** SUPPLIED ENTRIES **
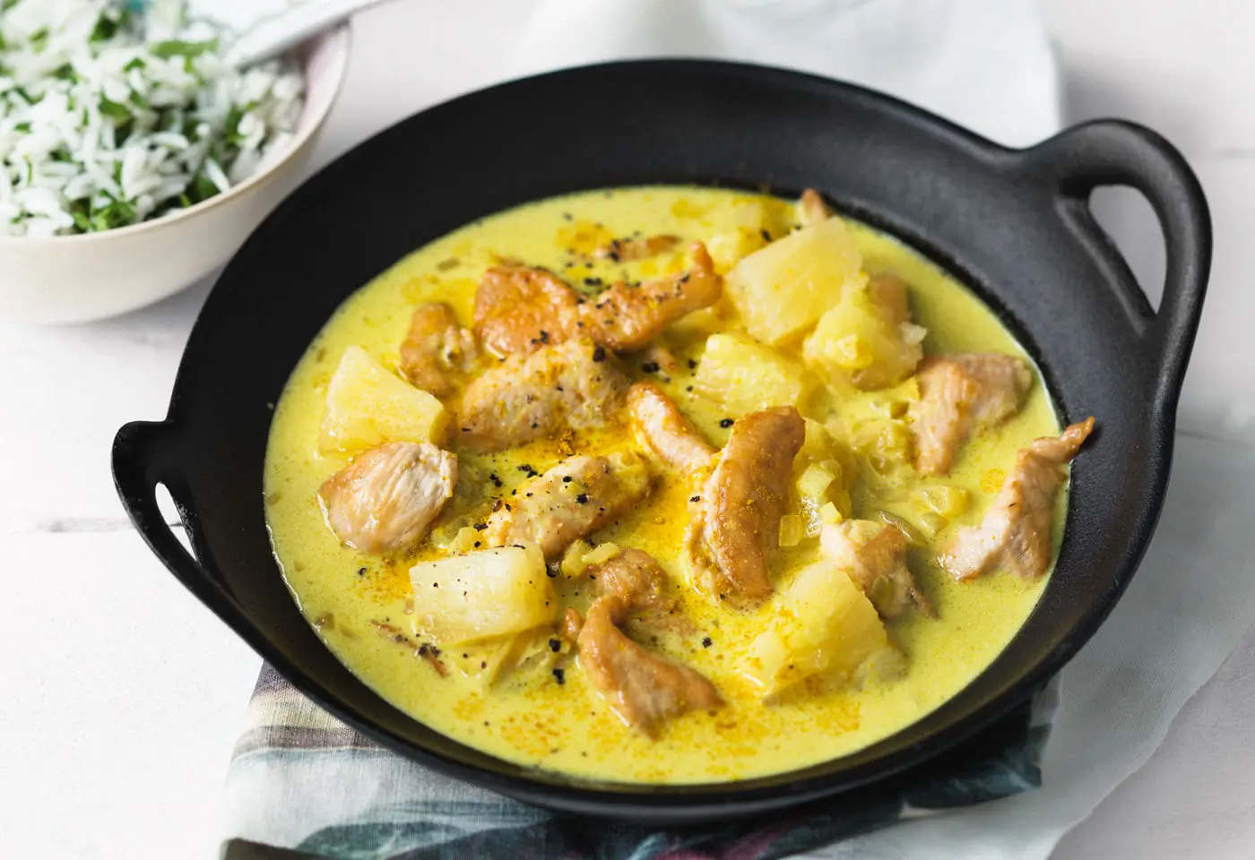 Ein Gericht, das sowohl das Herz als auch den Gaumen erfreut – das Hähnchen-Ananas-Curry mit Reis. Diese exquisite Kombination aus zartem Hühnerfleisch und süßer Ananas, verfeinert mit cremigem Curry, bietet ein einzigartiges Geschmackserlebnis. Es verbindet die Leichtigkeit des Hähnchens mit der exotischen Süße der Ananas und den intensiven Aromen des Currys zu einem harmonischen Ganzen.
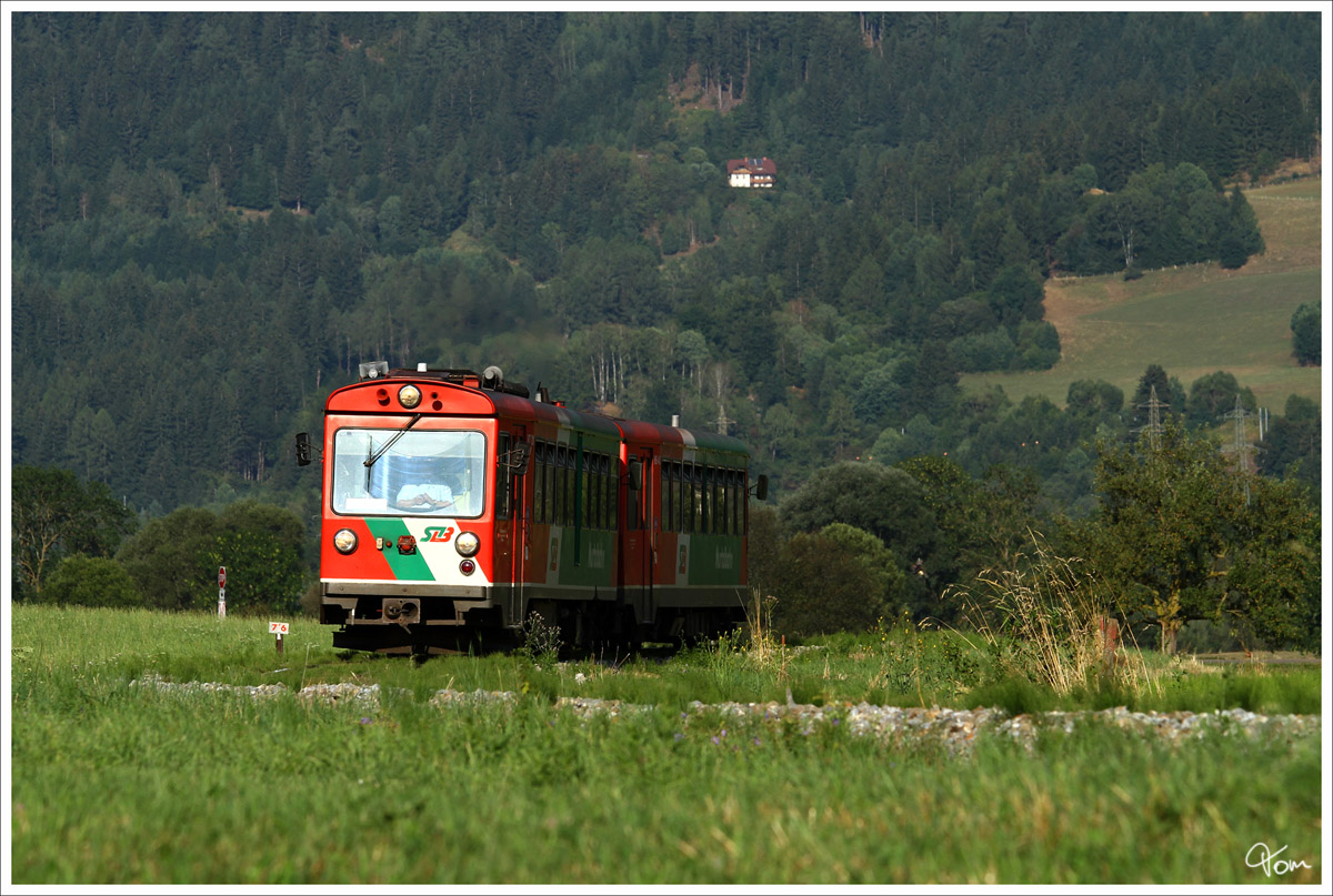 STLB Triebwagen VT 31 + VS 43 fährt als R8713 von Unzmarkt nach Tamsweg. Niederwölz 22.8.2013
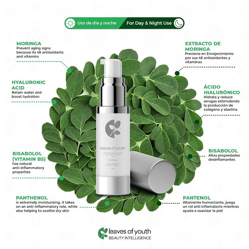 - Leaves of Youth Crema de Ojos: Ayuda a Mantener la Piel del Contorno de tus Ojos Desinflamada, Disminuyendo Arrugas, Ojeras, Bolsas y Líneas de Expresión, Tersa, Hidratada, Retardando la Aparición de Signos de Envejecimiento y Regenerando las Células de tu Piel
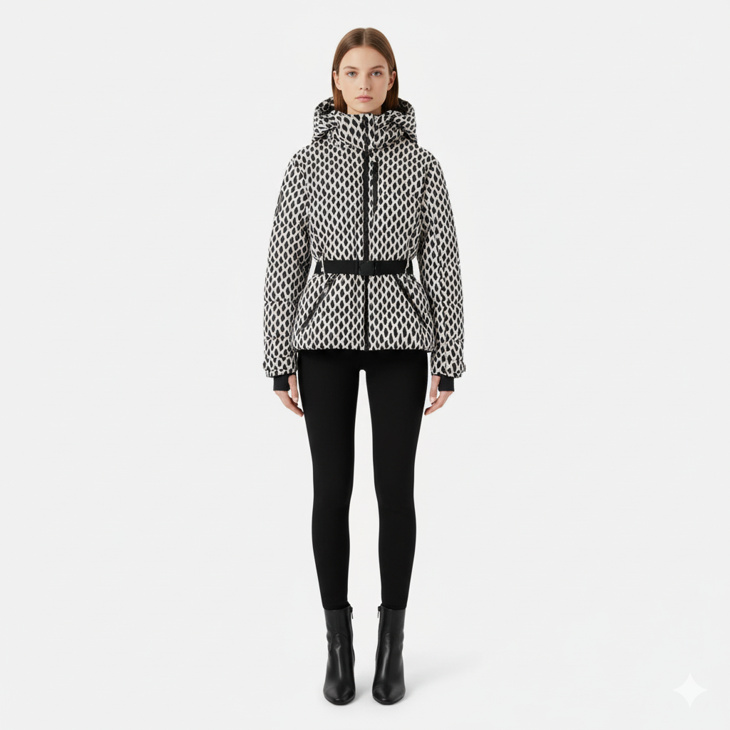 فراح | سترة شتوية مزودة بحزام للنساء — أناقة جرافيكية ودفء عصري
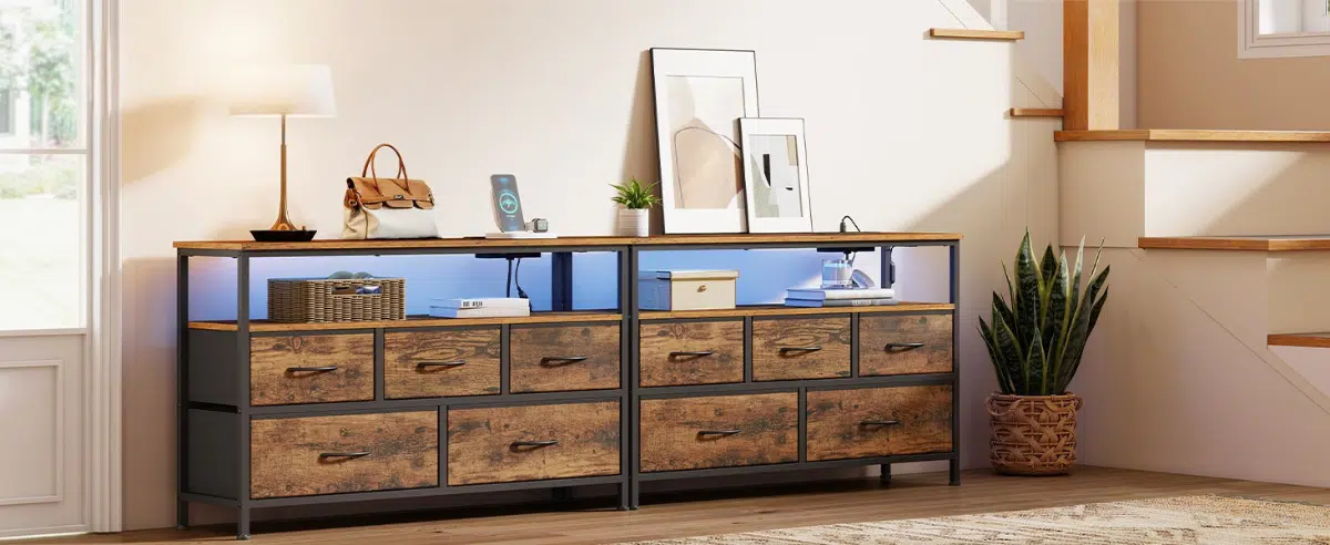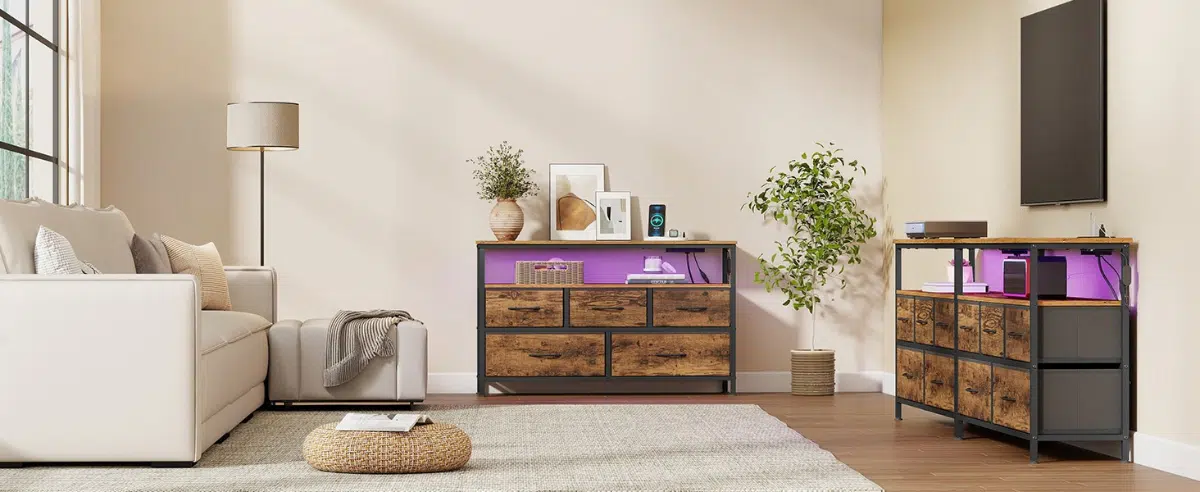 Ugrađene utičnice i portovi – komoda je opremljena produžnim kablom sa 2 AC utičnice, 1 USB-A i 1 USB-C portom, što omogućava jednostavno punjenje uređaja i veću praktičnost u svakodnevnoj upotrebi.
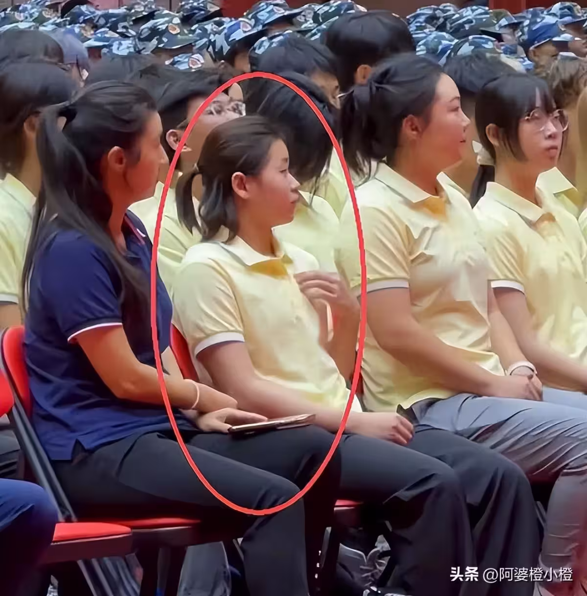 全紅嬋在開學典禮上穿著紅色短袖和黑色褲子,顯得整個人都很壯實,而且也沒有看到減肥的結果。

** EXERCISE **
Once the pictures are set aside, output the whole listing exactly.

** SOLVED EXERCISE **
 Ein Gericht, das sowohl das Herz als auch den Gaumen erfreut – das Hähnchen-Ananas-Curry mit Reis. Diese exquisite Kombination aus zartem Hühnerfleisch und süßer Ananas, verfeinert mit cremigem Curry, bietet ein einzigartiges Geschmackserlebnis. Es verbindet die Leichtigkeit des Hähnchens mit der exotischen Süße der Ananas und den intensiven Aromen des Currys zu einem harmonischen Ganzen.
 STLB Triebwagen VT 31 + VS 43 fährt als R8713 von Unzmarkt nach Tamsweg. Niederwölz 22.8.2013
 - Leaves of Youth Crema de Ojos: Ayuda a Mantener la Piel del Contorno de tus Ojos Desinflamada, Disminuyendo Arrugas, Ojeras, Bolsas y Líneas de Expresión, Tersa, Hidratada, Retardando la Aparición de Signos de Envejecimiento y Regenerando las Células de tu Piel
 فراح | سترة شتوية مزودة بحزام للنساء — أناقة جرافيكية ودفء عصري
 Ugrađene utičnice i portovi – komoda je opremljena produžnim kablom sa 2 AC utičnice, 1 USB-A i 1 USB-C portom, što omogućava jednostavno punjenje uređaja i veću praktičnost u svakodnevnoj upotrebi.
 全紅嬋在開學典禮上穿著紅色短袖和黑色褲子,顯得整個人都很壯實,而且也沒有看到減肥的結果。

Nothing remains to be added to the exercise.